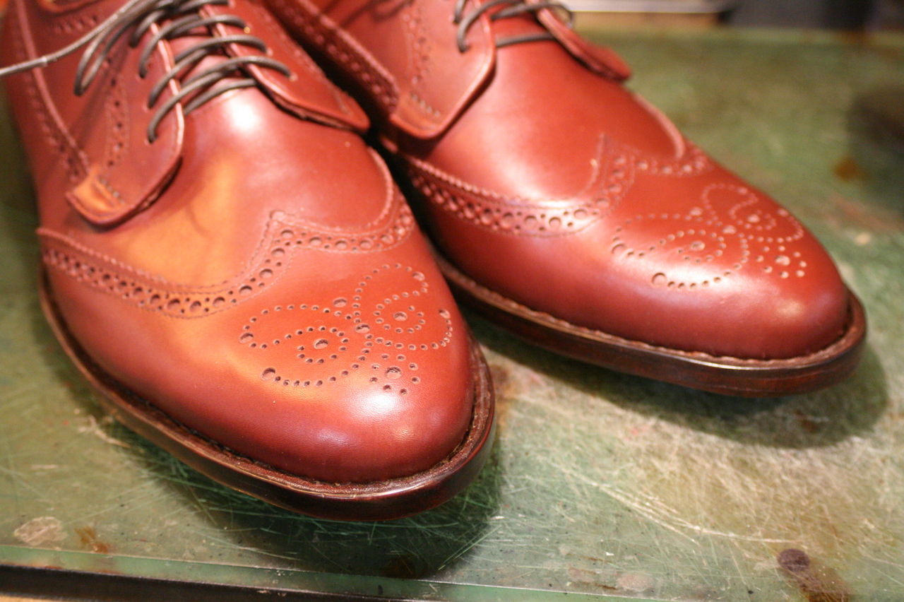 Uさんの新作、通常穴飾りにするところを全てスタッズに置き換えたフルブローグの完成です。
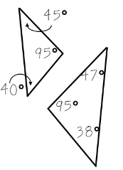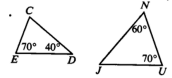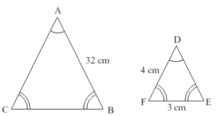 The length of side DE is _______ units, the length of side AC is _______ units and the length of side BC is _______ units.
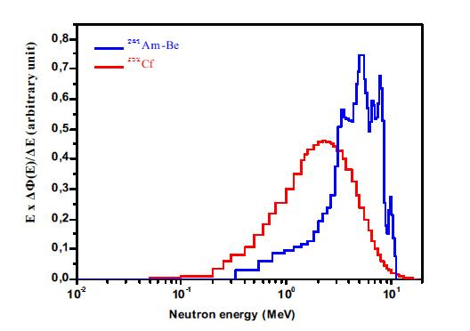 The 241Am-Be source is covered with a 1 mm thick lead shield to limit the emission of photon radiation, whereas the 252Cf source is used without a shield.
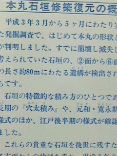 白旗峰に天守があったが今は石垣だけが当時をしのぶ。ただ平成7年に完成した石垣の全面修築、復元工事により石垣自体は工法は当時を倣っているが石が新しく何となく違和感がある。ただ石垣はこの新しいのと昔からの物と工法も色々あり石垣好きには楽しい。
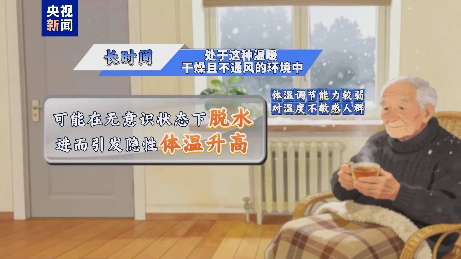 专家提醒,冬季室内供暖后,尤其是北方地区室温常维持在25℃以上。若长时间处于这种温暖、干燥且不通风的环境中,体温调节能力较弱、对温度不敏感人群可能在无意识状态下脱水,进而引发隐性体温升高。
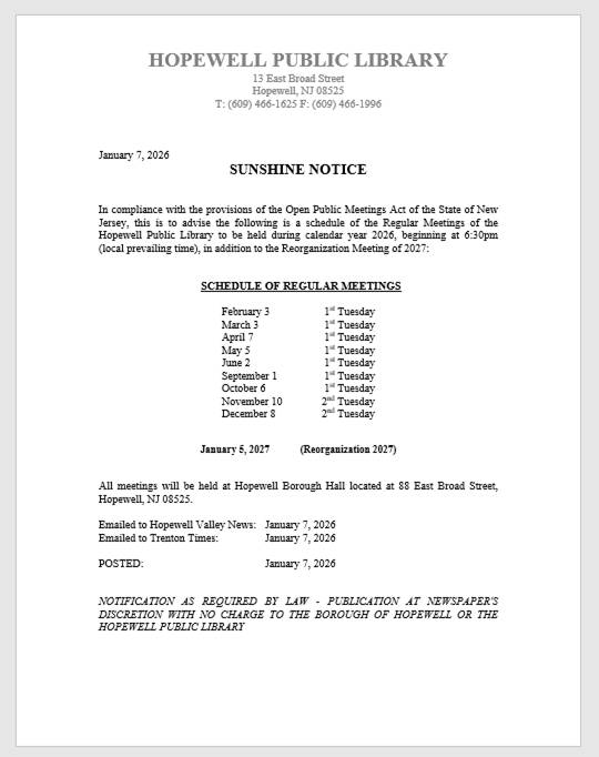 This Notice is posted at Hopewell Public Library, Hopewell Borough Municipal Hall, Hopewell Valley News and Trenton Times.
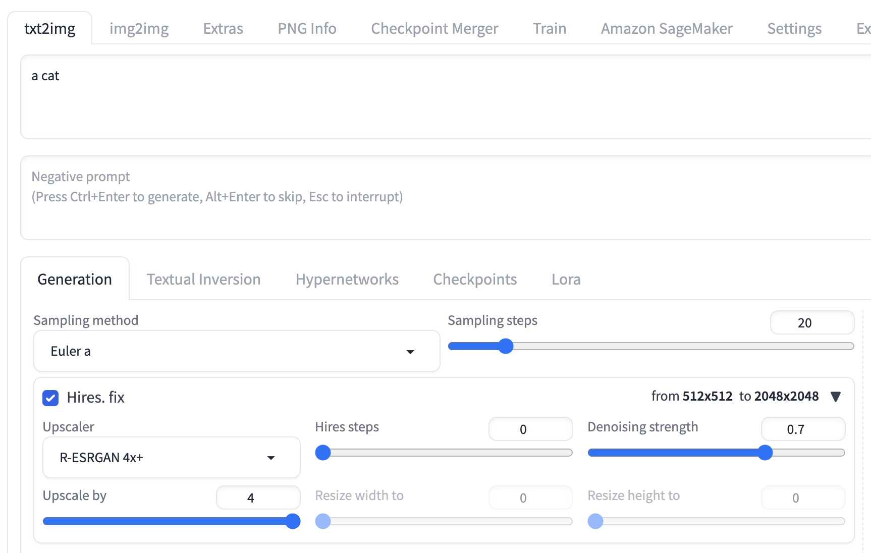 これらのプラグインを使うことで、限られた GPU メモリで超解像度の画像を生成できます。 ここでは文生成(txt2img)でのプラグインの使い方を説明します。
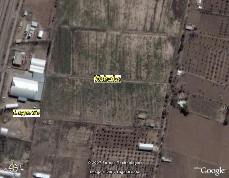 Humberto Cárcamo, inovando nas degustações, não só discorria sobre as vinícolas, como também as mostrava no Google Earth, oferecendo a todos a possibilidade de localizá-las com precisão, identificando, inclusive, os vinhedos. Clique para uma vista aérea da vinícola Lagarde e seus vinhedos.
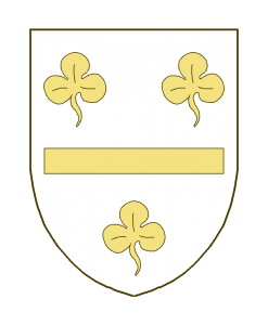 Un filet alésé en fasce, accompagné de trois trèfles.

★ ★ ★

Exercise requirements
Copy out the listing above in full and keep the pictures out.

Solution to this task
 Uさんの新作、通常穴飾りにするところを全てスタッズに置き換えたフルブローグの完成です。
 The length of side DE is _______ units, the length of side AC is _______ units and the length of side BC is _______ units.
 The 241Am-Be source is covered with a 1 mm thick lead shield to limit the emission of photon radiation, whereas the 252Cf source is used without a shield.
 白旗峰に天守があったが今は石垣だけが当時をしのぶ。ただ平成7年に完成した石垣の全面修築、復元工事により石垣自体は工法は当時を倣っているが石が新しく何となく違和感がある。ただ石垣はこの新しいのと昔からの物と工法も色々あり石垣好きには楽しい。
 专家提醒,冬季室内供暖后,尤其是北方地区室温常维持在25℃以上。若长时间处于这种温暖、干燥且不通风的环境中,体温调节能力较弱、对温度不敏感人群可能在无意识状态下脱水,进而引发隐性体温升高。
 This Notice is posted at Hopewell Public Library, Hopewell Borough Municipal Hall, Hopewell Valley News and Trenton Times.
 これらのプラグインを使うことで、限られた GPU メモリで超解像度の画像を生成できます。 ここでは文生成(txt2img)でのプラグインの使い方を説明します。
 Humberto Cárcamo, inovando nas degustações, não só discorria sobre as vinícolas, como também as mostrava no Google Earth, oferecendo a todos a possibilidade de localizá-las com precisão, identificando, inclusive, os vinhedos. Clique para uma vista aérea da vinícola Lagarde e seus vinhedos.
 Un filet alésé en fasce, accompagné de trois trèfles.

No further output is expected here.